Introduction
Raising funding for a tech company is no easy feat. It takes work, time, and money — not to mention the right connections. But if you're smart about how you go about it, there are ways to get funding without giving up too much of your business' future value.
Get clear on your numbers
Before you start reaching out to investors, it's important to have a clear idea of how much money you need and how much time you have left before your startup runs out of cash. Estimate your burn rate—the amount of money spent each month on operating expenses—and account for the cost of hiring new employees and office space. From there, determine the value of your business by finding comparable companies that are similar in size, sales numbers, and industry. Lastly, make sure that any funding proposal includes enough cash from investors to last until revenue starts coming in from customers or clients (though this may be easier said than done).
Make a valuation model
When it comes to raising money, a valuation model is your friend. The best way to use the valuation model is to compare it with the actual value of your company. If this number is high then you are ready for investment.
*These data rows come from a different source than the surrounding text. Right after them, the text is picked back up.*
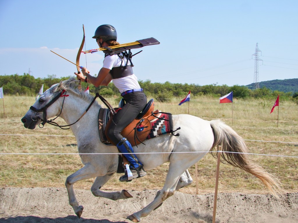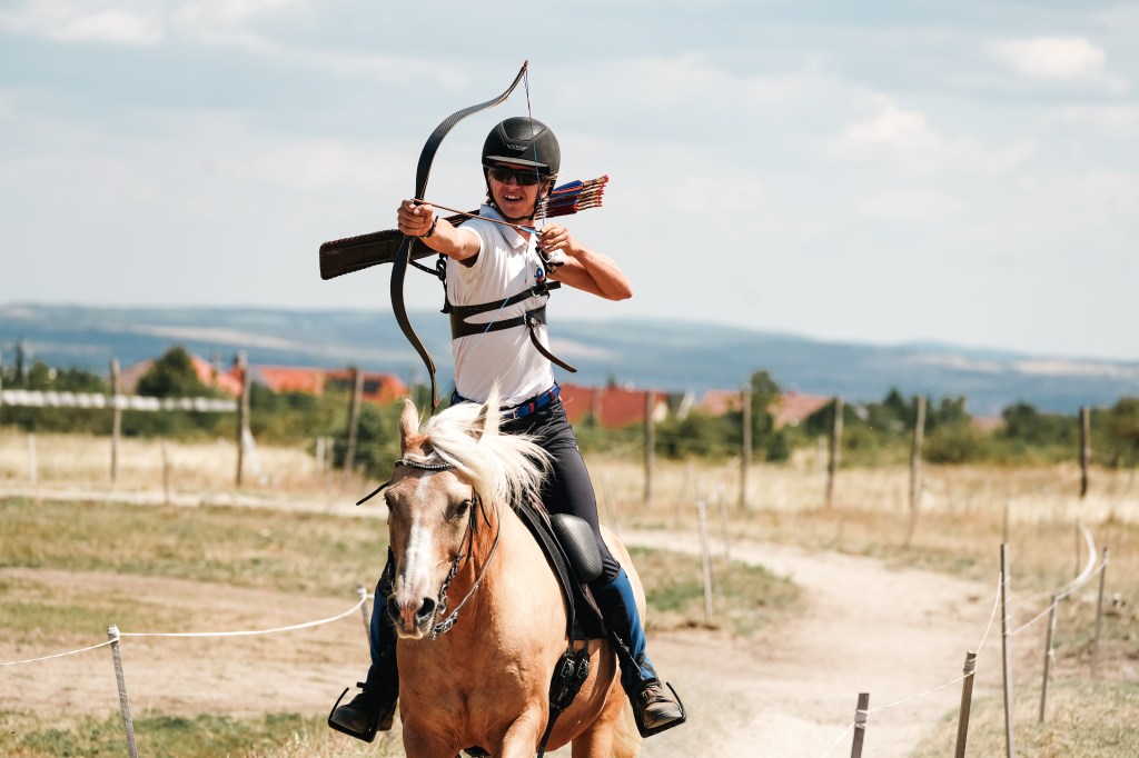 I shoot with the Slavic technique, using a quiver built by Mihai Cozmei. In the past I used thumb and three finger (mediterranean technique) so I can teach this techniques too. Here you see me riding Batukán during the EC in Hungary 2024.
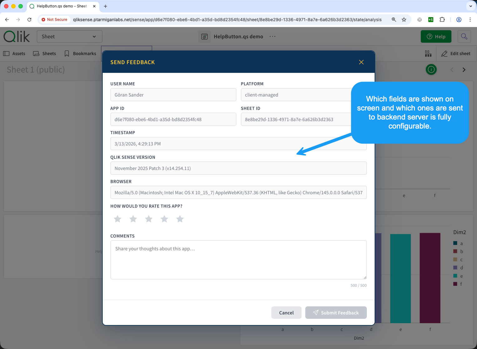 The dialog automatically captures Qlik Sense context alongside the rating: user ID, app ID, sheet ID, platform, and timestamp. You control which context fields are included in the payload and which are shown in the dialog.
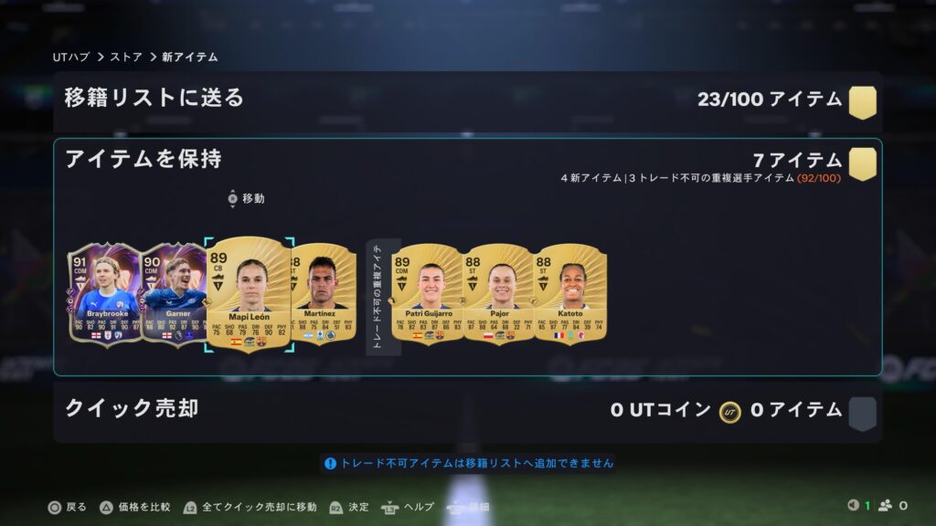 パックで引いた重複選手をSBC用にストックできる機能です。
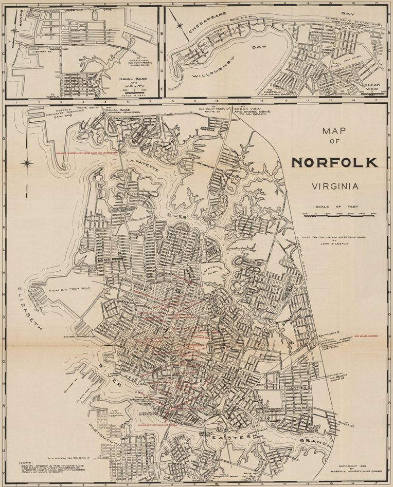An “historic southern port” (Wertenbaker 1931), Norfolk sits at the crossroads of north and south, on the mid-Atlantic at the mouth of the Chesapeake Bay. Bordered on all sides by water, the city is crisscrossed by inlets and creeks at a uniformly low elevation.
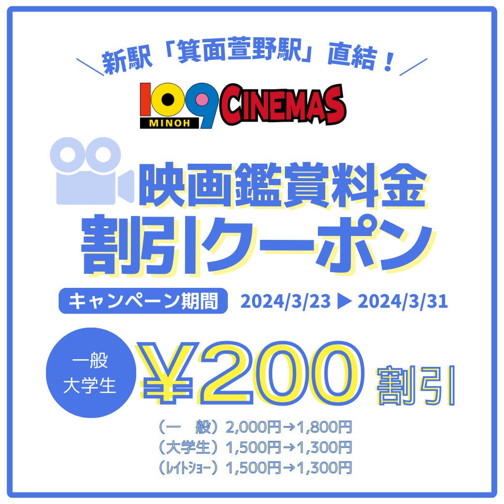 (土)~3月31日(日)の期間中に109シネマズ箕面で何度でも使用できる、鑑賞料金200円分割引クー
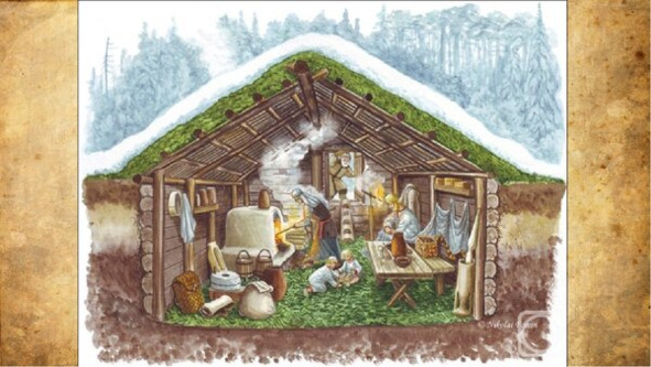 До XII—XIII вв. изба представляла собой бревенчатое строение, до трети уходящее в землю, а один, или три-четыре толстых венца сруба возвышались над землёй, образуя полуземлянку. Дверь заменяло небольшое входное отверстие, примерно 0,9 м на 1,0 м, прикрываемое парой связанных бревенчатых половинок и пологом. В глубине древней избы располагался сложенный из каменьев очаг. Дым сохранялся как можно дольше в помещении, и затем рассеивался через полог.

The reason why entrepreneurs make mistakes when using a valuation model is that they don’t understand how it works and what factors affect its outcome. They also forget about their competitors or fail to consider other factors such as market trends and industry dynamics when calculating their company’s worth.
Create an investor deck
An investor deck is a presentation that you’ll give to potential investors. It has all the information they need to make a decision about whether or not they want to invest in your company.
The first step to creating an investor deck is writing down everything you could possibly think of that would be relevant to your business. If it doesn’t seem like anything important, put it at the bottom of your list and come back later—you might find it useful after all!
Once you've made sure that everything related to your company has been included, organize them into categories according to what stage of development they are in (e.g., product concept, early stage prototype), then prioritize them by importance and relevance until there's nothing left but what matters most right now (and maybe something extra).
Finally: don't forget about visuals! Graphics can help illustrate points more clearly than words alone, so remember that this isn't just a text document—it also needs images from logos through photos/videos showing people using or enjoying whatever product or service yours provides
Make a list of potential investors
Before you begin the process of reaching out to investors, it's important to make a list of all the businesses they've invested in previously. This will help inform your decision on whether or not an investor is right for your company.
For example, if an investor has invested in only one other company that sold successfully and another that failed miserably—as well as several others that just haven't been publicly documented—you may want to steer clear.
Additionally, consider what you can afford to give up when working with an investor: equity? control? team members? Marketing, sales, and customer relations are all areas where investors often want (and even demand) input into how they're managed at early-stage companies.
Get a list of the businesses they've invested in previously
The next step is to get a list of the businesses they've invested in previously. Once you have this, look for patterns in their investments: do the businesses have similarities? Are there differences between the businesses they have invested in and those they haven't? And finally, what kind of differences are there between the companies that have been funded by other investors but not by your VCs?
It may be possible to find out some details about how much money each company raised or even see their pitch deck (a summary presentation used to sell an idea). If you can see a company's pitch deck, look at it closely and make sure that it matches up with what you believe your business will be able to accomplish once it goes live.
Decide what you can afford to give up – equity? control? team members?
The most important thing to bear in mind when considering investment is that there are different types of investors. You will have the opportunity to work with a variety of people, and each type has different needs and preferences.
Investment comes in many forms – some investors demand your equity, while others expect something else from you. It's up to you to decide how much of which assets you're willing to give up in order for your business idea to become reality. Here are some things to consider:
- Equity is a great asset but not everything – It may be tempting for entrepreneurs who don't have access to funding right away (or ever) but want their ideas off the ground as soon as possible. But remember: startups need more than just cash; they also need good employees who can help bring those ideas into existence! If an investor wants a stake in your company, look at their proposal carefully before agreeing on terms like salary requirements or other considerations that might affect employee morale down the road."
Consider the side and impact of marketing, sales, and customer relations
As a tech entrepreneur, you have to have a good handle on marketing and sales. You also need to be able to manage customer relations. If you don't have the skill set or resources for these tasks, consider hiring people who do.
Even though you might be working hard in your preferred field (engineering), it doesn't mean that marketing and sales are not important, too. It can be tempting to just focus on building something cool without thinking about how it will get into people's hands. But if customers don't know about what you're doing or how they can benefit from it—or if they're put off by how difficult it is for them to buy from you—you could lose out on an opportunity for success that could've been so much easier if only someone had thought things through ahead of time!
It takes hard work to raise funding
Raising funding is hard work, and you need to be prepared to put in the time, energy, and sacrifices that go along with it. You need to do what it takes—and not just once or twice—to get your startup off the ground.
When building relationships with investors and demonstrating your value as a team leader (or founder), preparation is key. The more prepared you are when approaching investors, the easier it will be for them to see how they can help build or strengthen your business plan.
Conclusion
Raising investment is a combination of skill, luck and persistence. The good news is that it doesn't have to cost you everything – if you're prepared and willing to give up something in return for the funding, there's a good chance you'll be able to raise what you need.